Their idea was a switch on Amos ‘n’ Andy. He died Feb. 21 1980, 12 days after his 78th birthday.
➦In 1934...FCC granted 500kw license to WLW for W8XO.
Powel Crosley studio of radio station WLW |
On March 22, 1922, the Crosley Broadcasting Corporation began broadcasting with the call sign WLW and 50 watts of power. Crosley was a fanatic about the new broadcasting technology, and continually increased his station's capability. The power went up to 500 watts in September 1922, 1000 watts in May 1924, and in January 1925 WLW was the first broadcasting station at the 5000 watt level. On October 4, 1928, the station increased its power to 50 kilowatts. Again it was the first station at this power level, which still is the maximum power currently allowed for any AM station in the United States.

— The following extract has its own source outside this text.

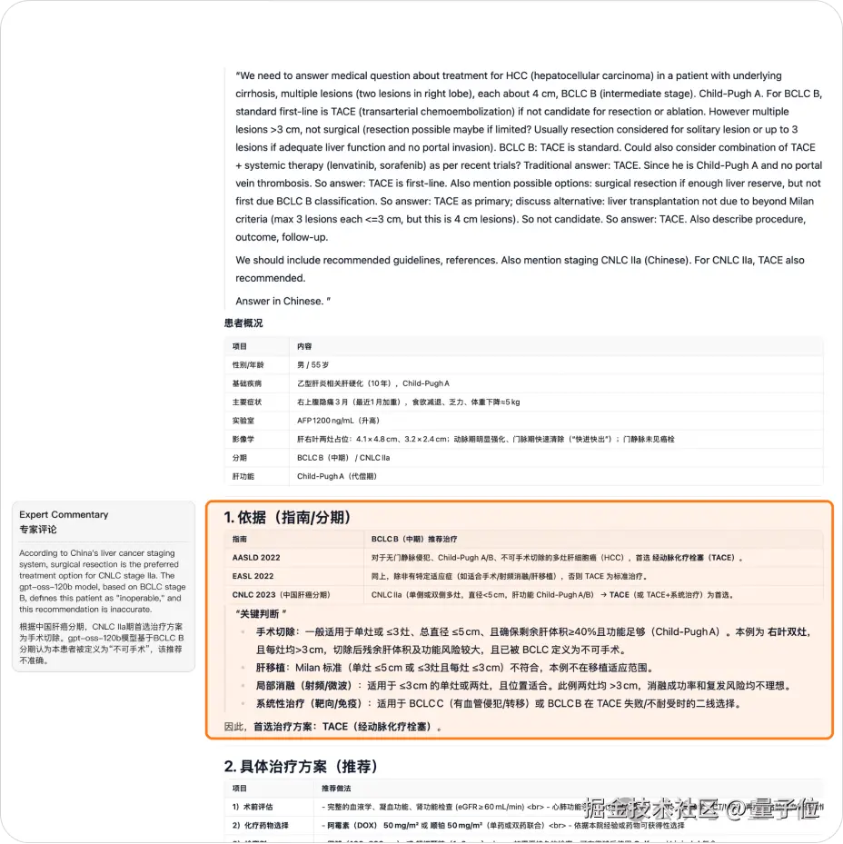 同样的案例,gpt-oss-120b 建议首选治疗经动脉化疗栓塞术(TACE),理由是符合 BCLCB 期治疗指南,当前情况下手术切除和移植风险不理想。

At 50 kilowatts, WLW was heard easily over a wide area, from New York to Florida. But Powel Crosley still wasn't satisfied. In 1933 he obtained a construction permit from the Federal Radio Commission for a 500 kilowatt superstation, and he spent some $500,000 ($9.02 million in 2014) building the transmitter and antenna.
Cooling Pond |
As the first station in the world to broadcast at this strength, WLW received repeated complaints from around the United States and Canada that it was overpowering other stations as far away as Toronto. In December 1934 WLW cut back to 50 kilowatts at night to mitigate the interference, and began construction of three 50 ft. tower antennas to be used to reduce signal strength towards Canada.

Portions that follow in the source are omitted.